Winter Tide, by Ruthanna Emrys, comes to me at a time when I'm just discovering Lovecraft.  I've read some stories, which I liked, and some books that are influenced by him, which I've mostly also enjoyed.  There's some great horror to be had, both in his writing and in his imagery and ideas. I literally CANNOT with the racism, but I've had good luck mostly avoiding it in what I've read so far. But the eeriness, the sense of cosmic unease that he puts in the most innocuous parts of his stories--the feeling of damp that permeates everything he writes is gloriously creepy.

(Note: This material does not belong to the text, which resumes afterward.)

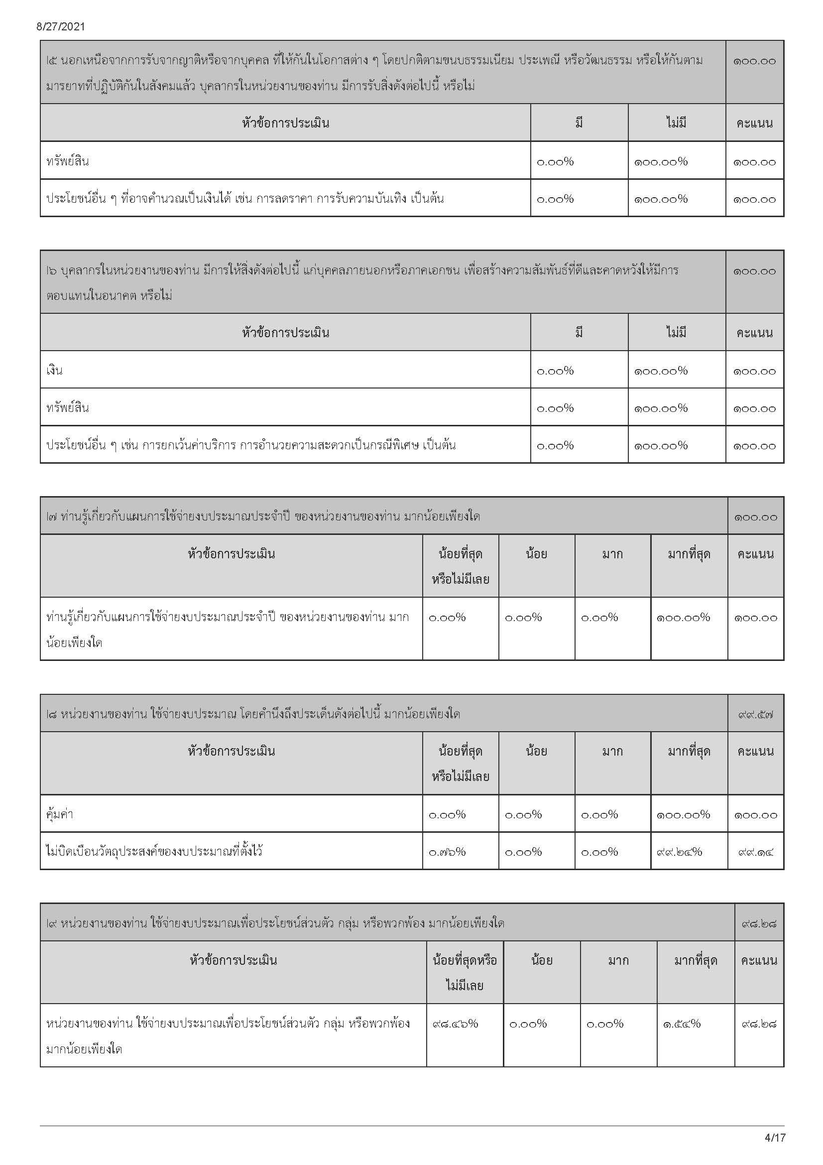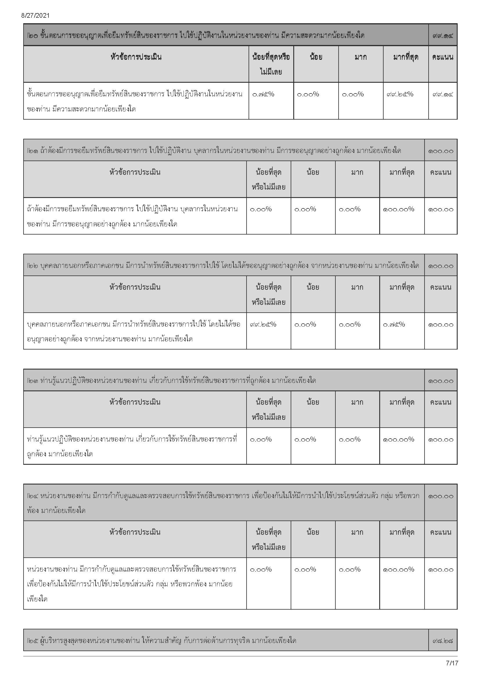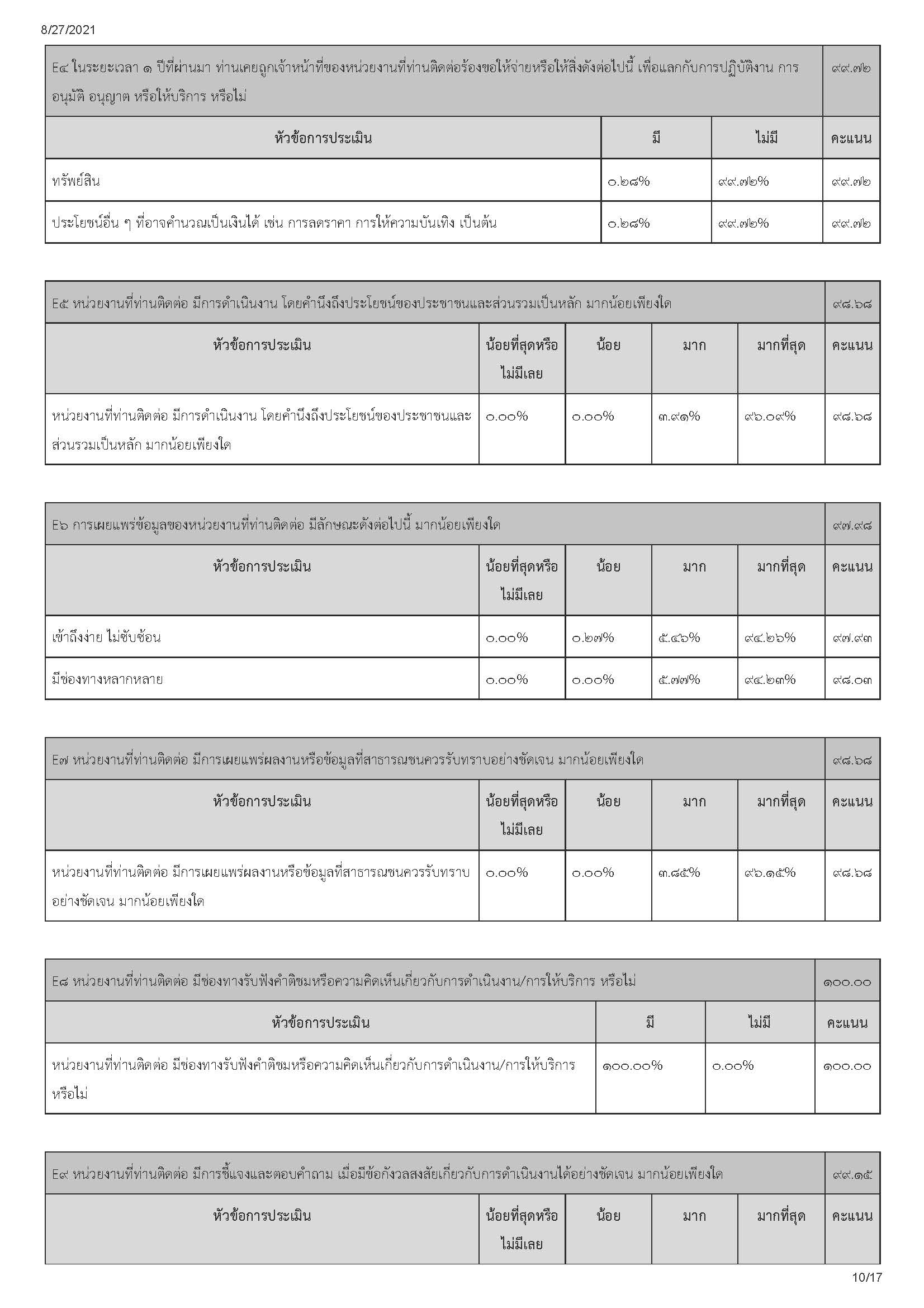 ผลการดำเนินการตามมาตรการส่งเสริมคุณธรรมและความโปร่งใสภายในหน่วยงาน

So I can't really figure out why this story exists. Winter Tide is what happens when you take Lovecraft's cosmology and folklore and imagine it as innocuous.  This is a world in which humanity is more frightening than the Old Ones, who are just like any other gods--distant and cosmic and pretty much not there.  Only humanity isn't actually that frightening here.  I guess government is?

 It's the story of the people of Innsmouth, the weird village near Arkham where the people worship Cthulu and the gods of the sea. I haven't read the Cthulu books, but I saw a TV movie about this once and it was amazingly creepy and freaky, a trashy delight.  The joy and terror are missing here, because it turns out that those people were misunderstood, not evil, no blood sacrifice (well, maybe they nick their own fingers when doing magic, but that's all!), no unspeakable evil.  Just good folks who turn into fish creatures when they finish with their landwalker stage and go to live in the ocean, misunderstood by us airbreathers and interned and murdered for it.


So really, the emotional heft of this story belongs to Aphra and her brother Caleb being the only survivors of their race after being interned in camps between the world wars.  Eventually, they are joined by Japanese citizens, and when the war ends and they're released, these last two survivors leave with their new adopted family.  This is about loss of legacy and trying to heal, about being out of place and trying to find your heritage. Which is a great idea, and there's so much to do with that.

But there just wasn't enough story to back it up.  Too many characters swirling around--with some great, really lovely representation, but so many that you don't get to know them.  Dawson should have her own book, but she barely gets a line here. Neko exists to show that Aphra has ties. Why is Charlie even there?  (I think because this is a sequel to a story in which Charlie features.) Audrey ends up being a main character, but darn if she didn't just feel like another pile of clothes to get in the way for the first half of the story.

Having gotten to the end, I feel confident that this would have been much better as a novella.  There was a lot of time spent telling characters things that other characters already knew, and deciding whether to tell them things that we'd just told other people.  In theory there are secrets, but everyone shares them with each other promptly (and generally in separate conversations), so they don't feel that tense.

I think this just might not be the book for me.  It could have been an exciting story about....something happening at Miskatonic University (I keep forgetting what the plot of the book is--they want to do research for what feels like a MacGuffin reason) or it could have been an intriguing character study of a person trying to figure out what it means to be connected to a world that tried to cut all your ties.  But there was just too much distance for a character story, and too much stillness for a mystery.

And...really, if you're going to make the Old Ones NOT want to destroy the world and devour humanity and set men mad on sight--why bother writing Lovecraft?  It's like making a Mission Impossible movie about those quiet moments of friendship you share with your team, not talking but just being together without any agenda.  I just didn't get it.

1 comment:

Aarti said...

I tried to read Lovecraft's Dreamquest novella but just could NOT. It was just... I mean, I read a good amount of it, but I had no idea what it was supposed to be about.

And then I read Kij Johnson's Dreamquest of Velitt Boe and it was so good! I highly recommend it, and it's quite short, and so feminist, and I think you would like it.